Following the gullies down on the other side I soon reached the creek. Apart from the trees, the canyon break-down reminded my a lot of the canyons I had done in Death Valley.

Passing some peculiar round rocks, I soon reached the first pitch, which you could easily bypass, but it was bolted, and it was an icefall, so I couldn’t resist!

The first pitch

After the first pitch the canyon narrowed, ice flowing from cracks in the towering limestone walls.

My footing was often a little precarious, but lots of fallen rocks (justifying wearing a helmet) had fused to the ice, making it easy to negotiate (like the fringes of a surface moraine).

I still hadn’t found many people to go adventuring with in Jasper, so to take the photos I wanted involved me rappelling down, setting up my camera, ascending the pitch and then dropping down again.

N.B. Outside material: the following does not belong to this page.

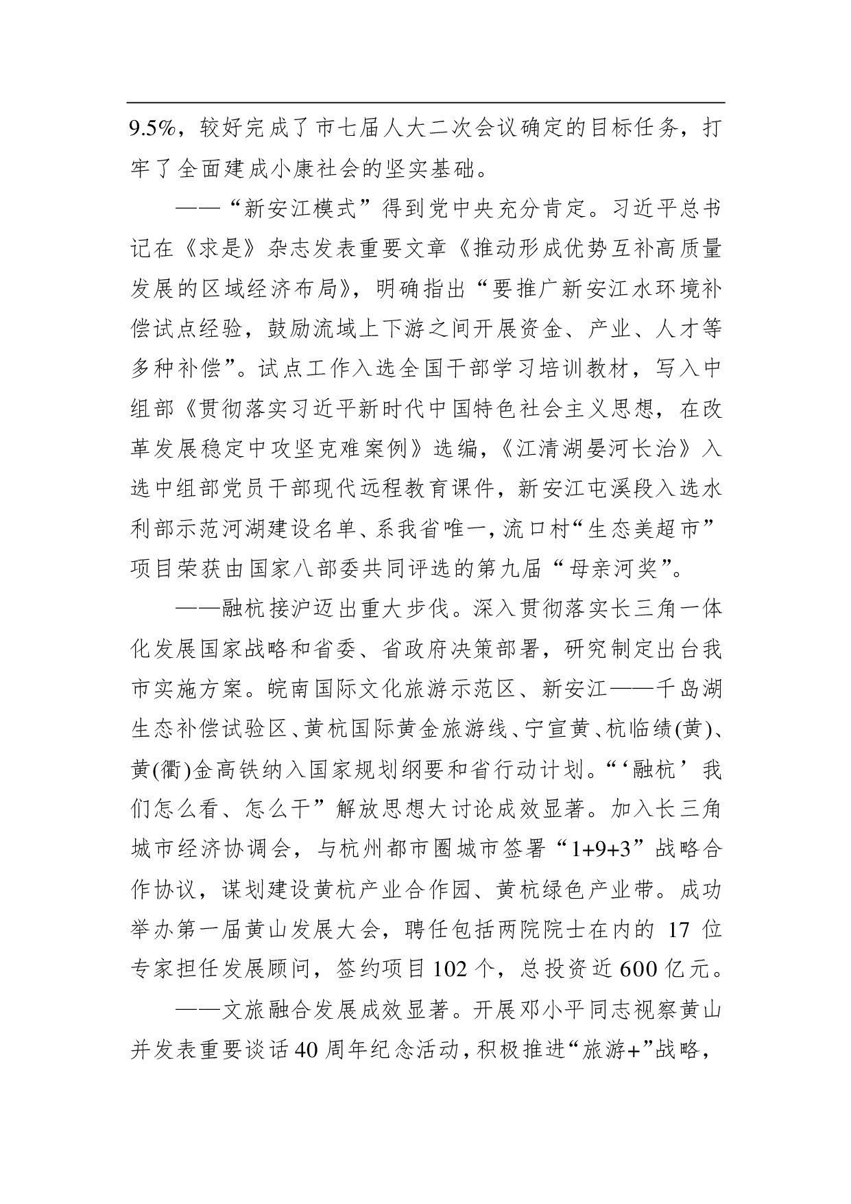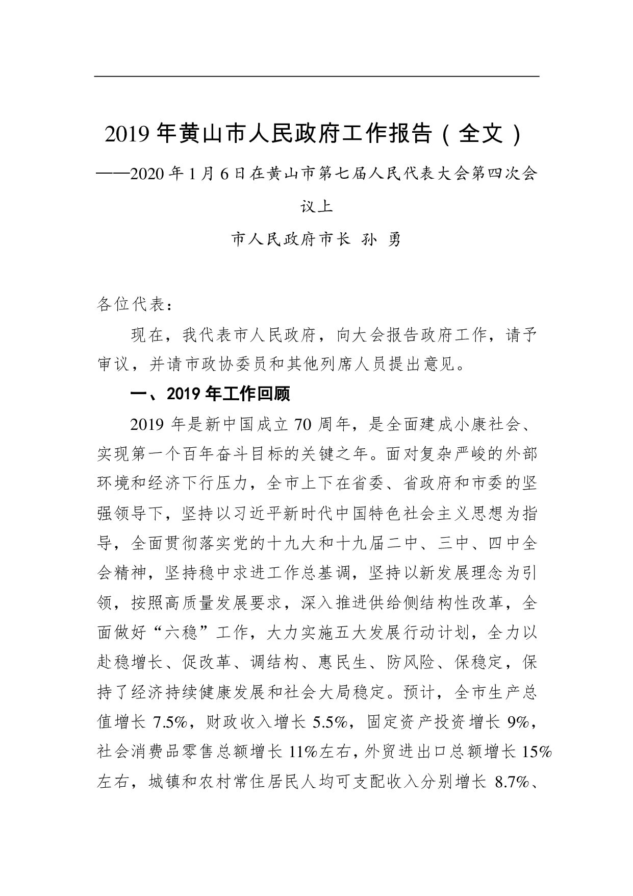 标题:2019年黄山市人民政府工作报告(全文)

As I got further down the canyon, I began noticing running water. I really hoped I wouldn’t have to strip down to pass any pools. From the tour company’s website I knew that it wouldn’t be more than about waist deep, and since most of the water would be frozen I wasn’t too concerned.

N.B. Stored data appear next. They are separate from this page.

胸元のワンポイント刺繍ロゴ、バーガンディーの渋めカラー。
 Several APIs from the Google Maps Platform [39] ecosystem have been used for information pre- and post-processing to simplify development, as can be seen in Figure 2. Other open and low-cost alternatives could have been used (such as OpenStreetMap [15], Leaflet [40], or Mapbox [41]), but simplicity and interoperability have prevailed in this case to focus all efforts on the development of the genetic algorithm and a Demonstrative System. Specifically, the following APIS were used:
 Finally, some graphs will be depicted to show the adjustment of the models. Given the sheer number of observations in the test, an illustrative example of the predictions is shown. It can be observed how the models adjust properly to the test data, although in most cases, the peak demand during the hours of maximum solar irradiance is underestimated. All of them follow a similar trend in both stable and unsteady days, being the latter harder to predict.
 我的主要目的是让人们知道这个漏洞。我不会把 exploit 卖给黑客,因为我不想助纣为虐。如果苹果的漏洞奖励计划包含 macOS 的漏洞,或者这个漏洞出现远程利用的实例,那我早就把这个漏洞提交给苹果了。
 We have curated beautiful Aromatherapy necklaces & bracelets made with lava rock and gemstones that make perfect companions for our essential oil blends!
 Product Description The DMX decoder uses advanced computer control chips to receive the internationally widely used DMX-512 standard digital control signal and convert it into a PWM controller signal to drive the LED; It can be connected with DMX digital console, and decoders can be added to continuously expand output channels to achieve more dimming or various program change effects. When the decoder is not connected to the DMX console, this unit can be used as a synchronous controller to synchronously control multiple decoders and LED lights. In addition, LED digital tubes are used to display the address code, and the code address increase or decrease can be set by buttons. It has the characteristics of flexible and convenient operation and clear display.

Edging closer to the frozen lip, I clipped in my cows tail and looked down the longest single pitch of the canyon. I was itching to do some ice climbing, but was still sorting out a touring setup and had just missed out on a pair of second hand tools.

Part way down this pitch were some really cool inverted icicles. I wasn’t entirely sure how they might have formed. Perhaps in a similar way to stalagmites.

The canyon soon ended. The final pitch was the longest but was stepped. My 100ft rope didn’t quite reach, but offsetting the ‘biner block a bit allowed me to rap down. I could then chimney up a bit to grab the end, although maybe tying some webbing in would have been a safer way.

Picking up some trash, I slipped my harness off and continued down the frozen creek. I was surprised when the creek entered a second constriction. I was too lazy to put my harness back on and decided to descend the rope hand-over-hand. More pitches followed. Being stubborn, I used a partial flying angel on one of the steeper ones. Others had logs that I could use which had probably been placed there by climbers reversing the canyon.

I worked out what the second rap ring was for

Some cool patterns in the ice

On one of the drops the icy floor at the bottom collapsed. I instinctively looked for foot holds on the edges, managing to keep my feet dry.

On another pitch I was trying to down climb, slipped, and went crashing down through a thin floor of ice. Luckily it wasn’t far and the thin ice that had partially broken my fall hadn’t hidden any water. It was a short climb, but it made me realise that I need to be extra careful when alone, especially in icy canyons.

I soon reached the trail that had been marked on my topo map. It was getting late and having not brought lunch I was starving. The sun set on the drive home decorated the sky with streaks of pink and purple. What a great day!